Post-operative analgesia is of vital importance to prevent various undesirable side effects such as respiratory complications, venous thromboembolism, and increased hospital stay.[1] Consequential pain and discomfort are expected after caesarean section (CS); hence, the analgesic regimen should assure efficient and safe anodynia.[2] Commonly, opioids are used for post-caesarean pain relief. While dose-dependent respiratory depression is the most discomforting side effect, other insignificant side effects such as pruritus, itching, gastrointestinal upset and urinary retention can be vexing during the initial puerperium.

The transversus abdominis plane (TAP) block has been used for post-operative pain relief in various abdominal surgeries as part of the multimodal analgesic approach.[3],[4] It creates satisfactory somatic analgesia with insignificant or no visceral blockade.[5]

Quadratus lumborum (QL) block, first reported in 2007 by Blanco, is a posterior abdominal wall block which permits spread of local anaesthetic agent behind the quadratus lumborum muscle into a triangular space known as a lumbar interfascial triangle which lies beside the middle layer of the thoracolumbar fascia.[6],[7] This interfascial plane is in adjoining proximity with numerous sympathetic fibres and conjoin with the thoracic paravertebral space, thus preceding to a long-standing block with the capability to provide visceral analgesia.[8] Various case reports are there showing effective post-operative analgesic profile of QL block.[4],[9],[10],[11],[12]

Therefore, we conducted a randomised, prospective study to compare the post-operative analgesic efficacy of QL block and TAP block in patients undergoing elective CS under spinal anaesthesia with primary aim to compare the time for rescue analgesic requirement and secondary aim to compare the total number of analgesic dose required and visual analogue scale (VAS) score for up to 72 hours post-CS.


Ethical approval for this study was provided by the Institutional Ethics Committee at Mahatma Gandhi Medical College and Hospital (Jaipur, Rajasthan; reference number MGMCH/IEC/JPR/2018/11). The study was registered with the Clinical Trials Registry- India (Registration No.: CTRI/2018/11/016420).

This prospective randomised study was carried out in the obstetrics and gynaecology operation theatre of our hospital for 2 months (from December 2018 to January 2019) on all the parturients with American Society of Anesthesiologists (ASA) Physical Status Class I and II, and a normal singleton pregnancy with a gestation of a minimum of 37 weeks; scheduled for elective CS under spinal anaesthesia. Exclusion criteria were the inability to comprehend or participate in pain scoring system, systemic coagulopathy, anatomic abnormalities, allergy to study medication and localised infection. Written and informed consent was obtained from each patient. The protocol adhered to 2013 Declaration of Helsinki. Thereafter, random allocation of patients were done into two equal groups - Group QL: Each patient received bilateral posterior approach QL block and Group TAP: Each patient received bilateral TAP block.

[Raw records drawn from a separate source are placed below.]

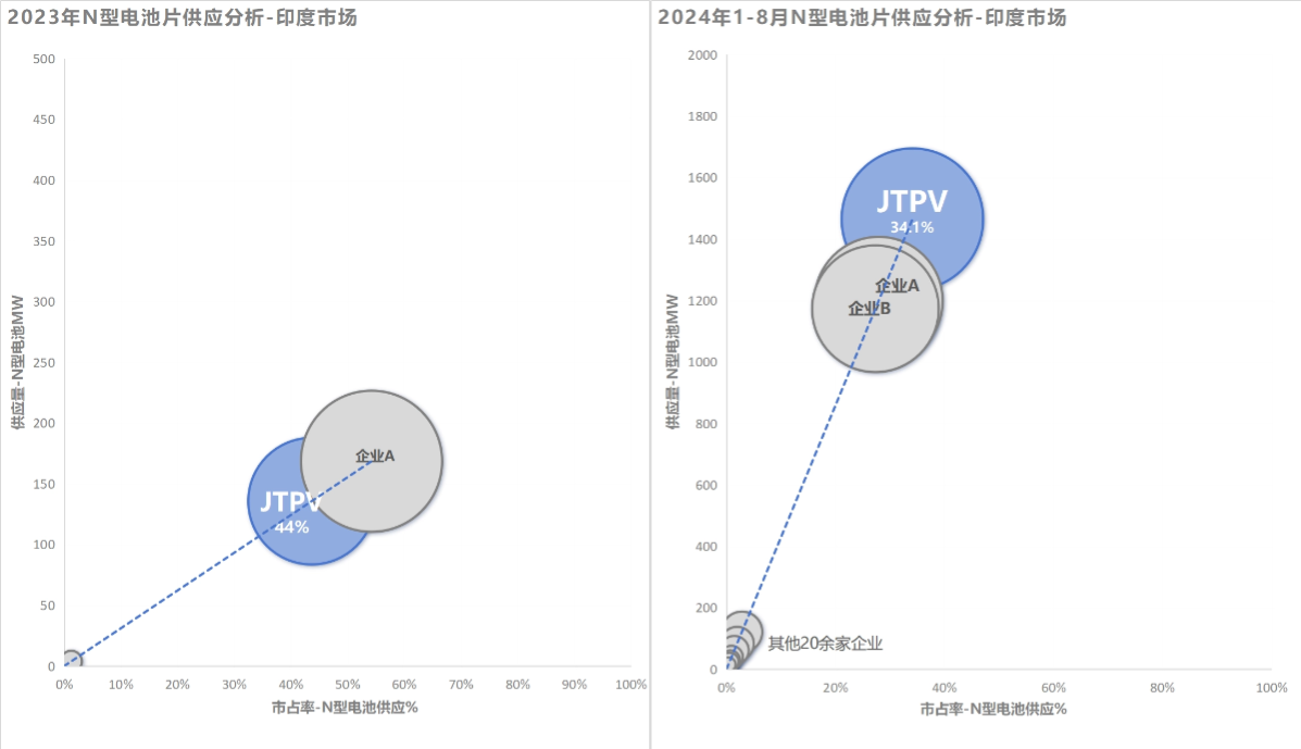 2023年,印度市场对N型电池的需求开始增长,尽管当时N型电池供应企业仅有5余家,但捷泰科技凭借其在N型电池领域的深耕和技术创新,成功在市占率上排名第二。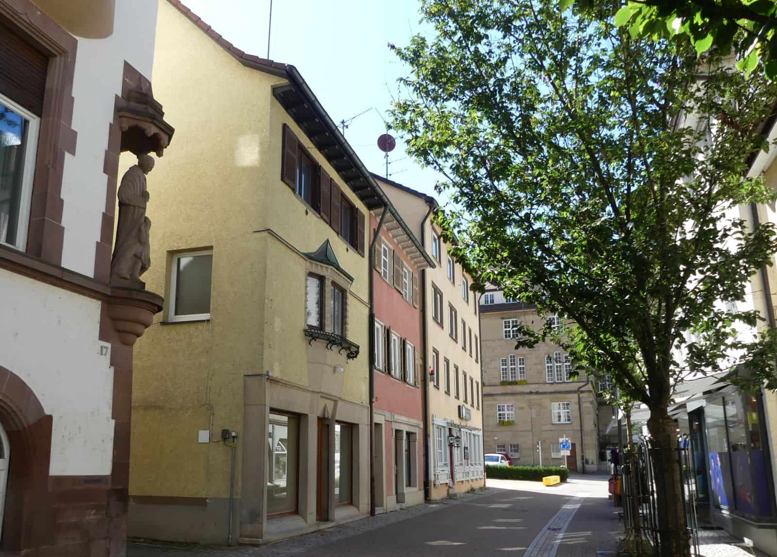 Gleichzeitig möchte die Verwaltung das bestehende Sanierungsgebiet um einige Flächen rings um das Rathaus erweitern, um auch dort Ideen mit Sanierungsmitteln umsetzen zu können. Dabei geht es um die Nachnutzung des Gebäudes Hauptstraße 23 („Mohren“). Das Haus 20, das die Stadt für die neue Brücke kaufen und abbrechen lassen möchte, und die Häuser 19, 21 und 23 in der Marktstraße.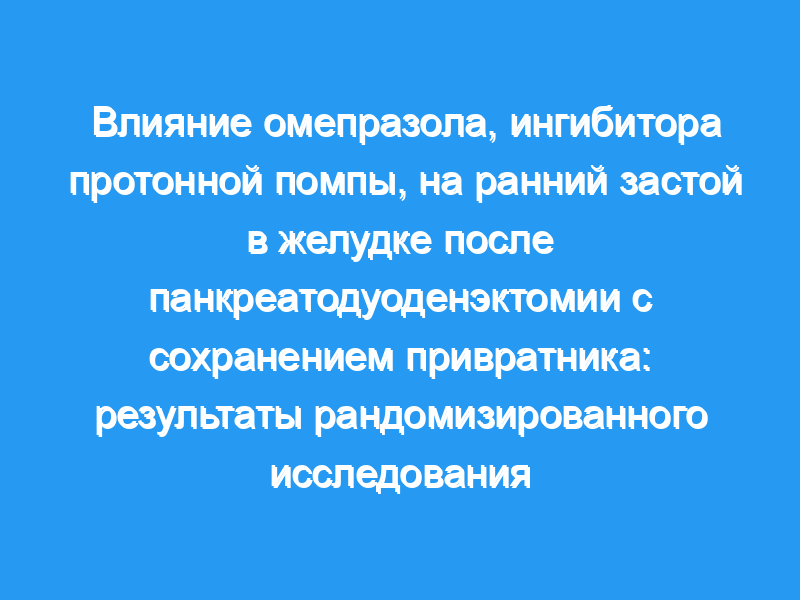Определить влияние омепразола, ингибитора протонной помпы (ИППН), на желудочный застой после панкреатико-дуоденэктомии с сохранением привратника (ПППД) с помощью рандомизированного исследования пациентов с ПППД. Методология: Сорок два пациента с ИППП были случайным образом разделены на две группы: группа 1 (n=24) получала ИППП через тощую кишку после ИППП, тогда как группа 2 (n=18), служившая контролем, получала физиологический раствор через тощую кишку и никаких лекарств после ИППП. Ежедневный объем и общую кислотность желудочного сока, аспирируемого через назогастральный зонд, измеряли каждый день в течение 7 дней после PPPD.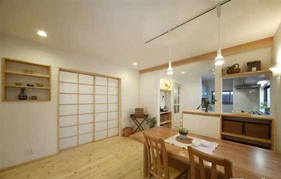 3、日式家居中强调的是自然色彩的沉静和造型线条的简洁,和室的门窗大多简洁透光,家具低矮且不多,给人以宽敞明亮的感觉。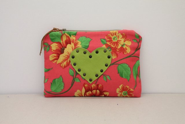 Kosmetyczka/saszetka wykonana z mocnej,bawelnianej tkaniny oraz skory naturalnej( serce). Saszetka zapina sie na zamek. Wymiary: 17x25cm . Termin realizacji zamówienia to 1-2 dni.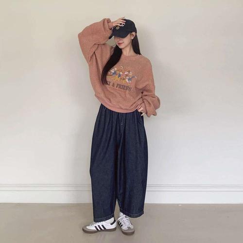 [핑크시슬리] 키별로 밍크기모 히든밴딩 와이드 배기 데님
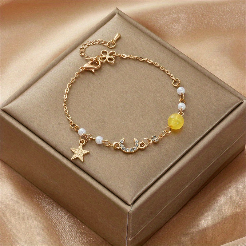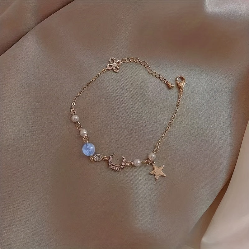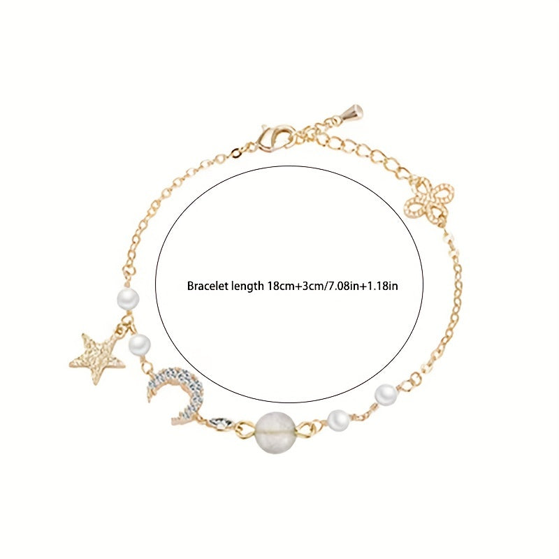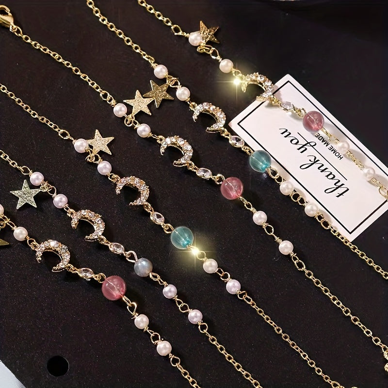 This anklet features moon and star shape beads on a thin chain, with adjustable design for a comfortable fit. Perfect for adding a touch of celestial charm to your summer look.
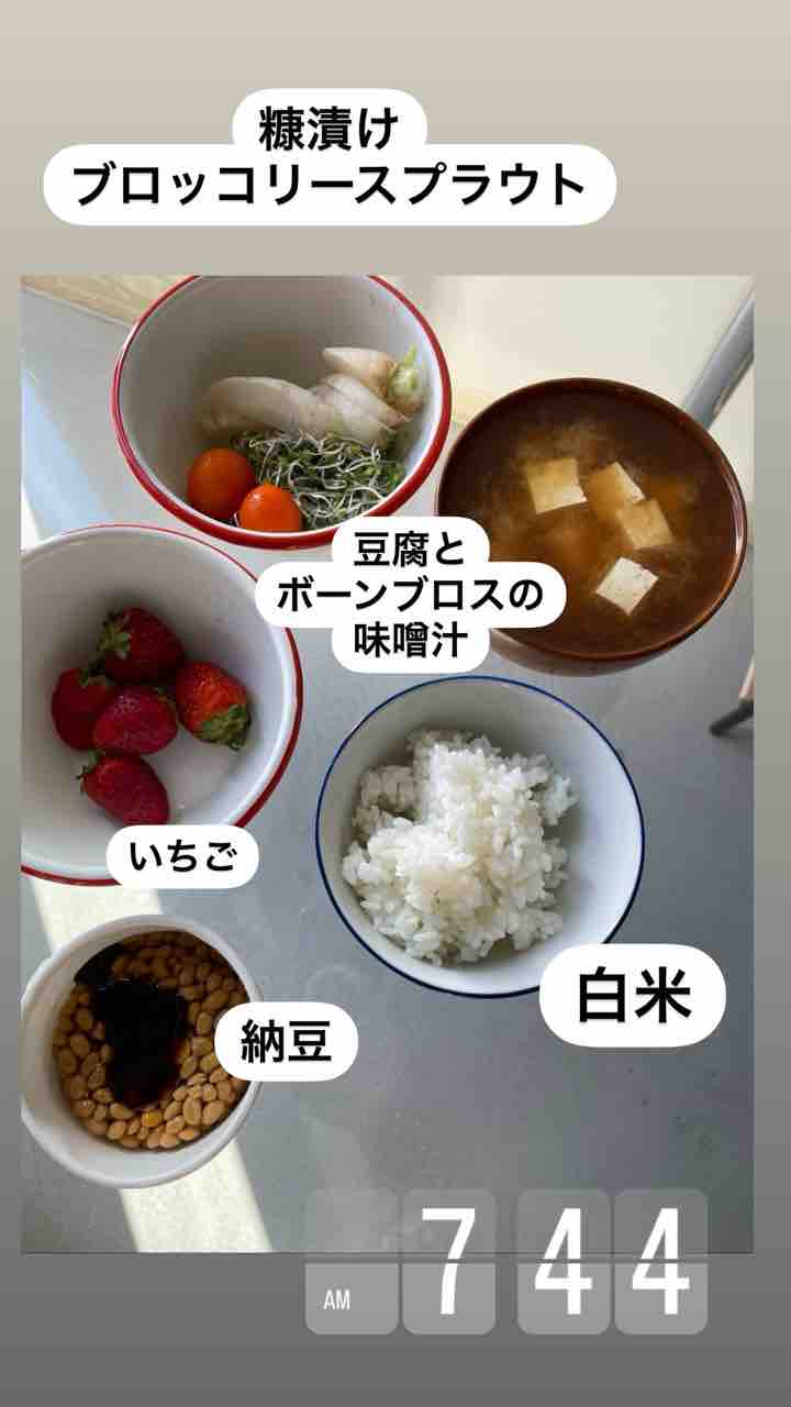 納豆、味噌汁、糠漬けとブロッコリースプラウト、いちご。

For randomisation, a list of number using computer system was created where each number referred to one of the two groups. To ensure equality of the groups, block randomisation was used. Each number was enclosed in an opaque envelope. Each patient was then asked to select one of the opaque envelopes and give it to an anaesthesiologist, who compared it with the computer-generated list and thereby assigned the patient to one of the two groups.

Both block procedures were performed under the supervision of an experienced anaesthesiologist after completion of surgery and before transfer to the post-anaesthesia care unit.

As per perioperative anaesthesia management all patients received 40-mg pantoprazole by mouth in the morning, 2 hours before surgery. In the operating room, an intravenous cannula of 18-gauge was secured in the non-dominant hand or arm. Spinal anaesthesia and surgical treatment were executed in the usual manner.

At the completion of the surgery, with the patient still in the supine position and fully monitored, the abdomen was cleaned with the surgical solution, thereafter the QL block or TAP block was performed. A linear array (6-13 MHz) transducer (FUJIFILM Sonosite, Inc. Bothell, Washington) was used.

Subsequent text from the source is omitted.